EXERCISE
Set down each line of the data exactly, but not the pictures.

DATA SEGMENT
........
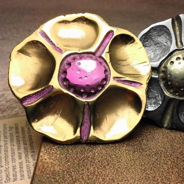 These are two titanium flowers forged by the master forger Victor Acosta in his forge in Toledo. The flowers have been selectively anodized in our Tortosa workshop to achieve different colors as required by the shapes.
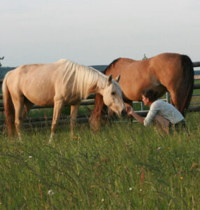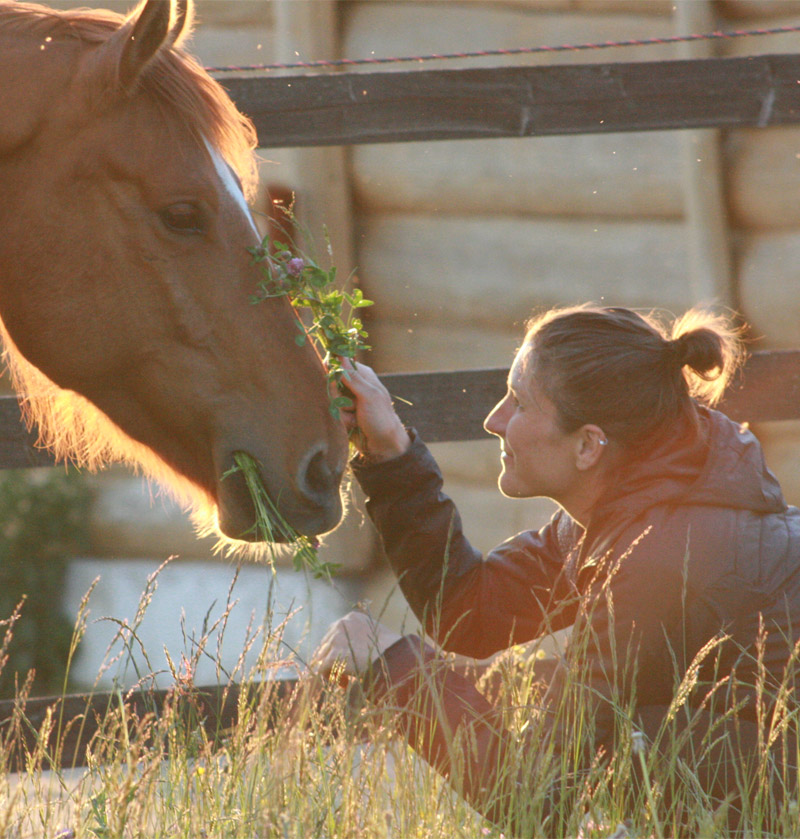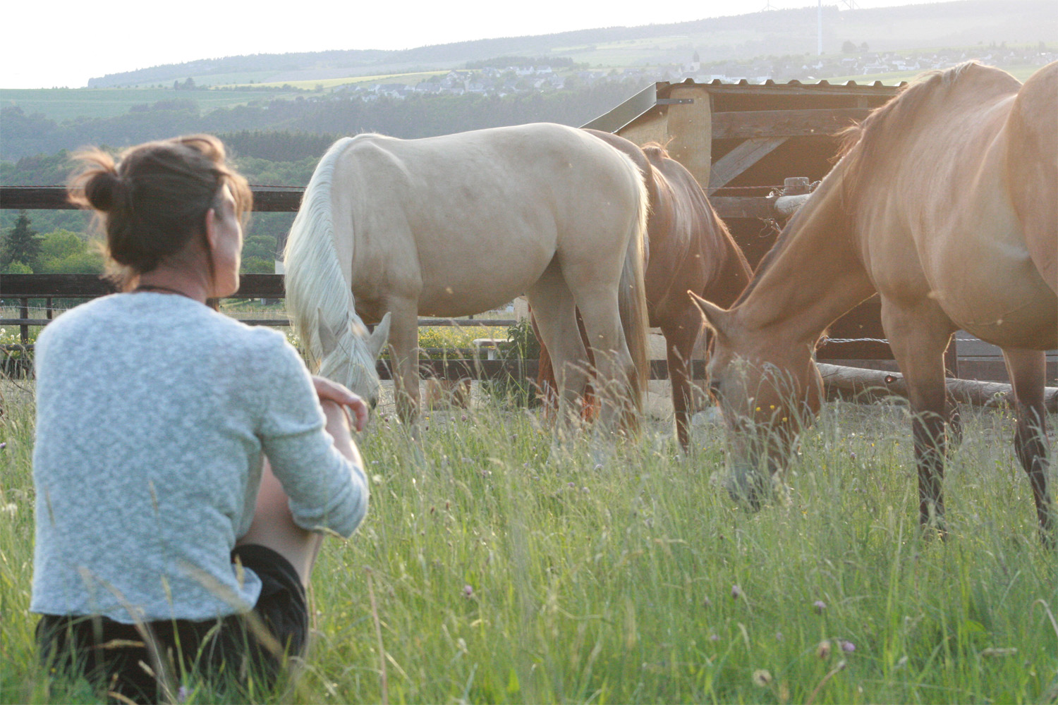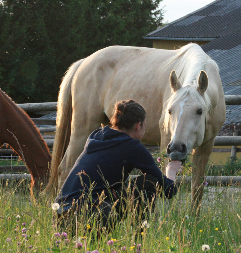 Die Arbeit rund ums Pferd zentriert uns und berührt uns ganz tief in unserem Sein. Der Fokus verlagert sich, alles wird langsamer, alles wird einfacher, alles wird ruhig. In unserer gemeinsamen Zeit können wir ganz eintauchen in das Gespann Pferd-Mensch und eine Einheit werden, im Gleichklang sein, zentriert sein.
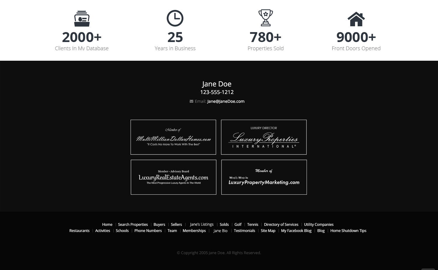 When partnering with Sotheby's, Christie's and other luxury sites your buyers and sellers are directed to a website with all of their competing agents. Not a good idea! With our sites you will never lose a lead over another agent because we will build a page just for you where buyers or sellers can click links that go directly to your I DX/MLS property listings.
........
SOLUTION FOR THIS PROBLEM
 These are two titanium flowers forged by the master forger Victor Acosta in his forge in Toledo. The flowers have been selectively anodized in our Tortosa workshop to achieve different colors as required by the shapes.
 Die Arbeit rund ums Pferd zentriert uns und berührt uns ganz tief in unserem Sein. Der Fokus verlagert sich, alles wird langsamer, alles wird einfacher, alles wird ruhig. In unserer gemeinsamen Zeit können wir ganz eintauchen in das Gespann Pferd-Mensch und eine Einheit werden, im Gleichklang sein, zentriert sein.
 When partnering with Sotheby's, Christie's and other luxury sites your buyers and sellers are directed to a website with all of their competing agents. Not a good idea! With our sites you will never lose a lead over another agent because we will build a page just for you where buyers or sellers can click links that go directly to your I DX/MLS property listings.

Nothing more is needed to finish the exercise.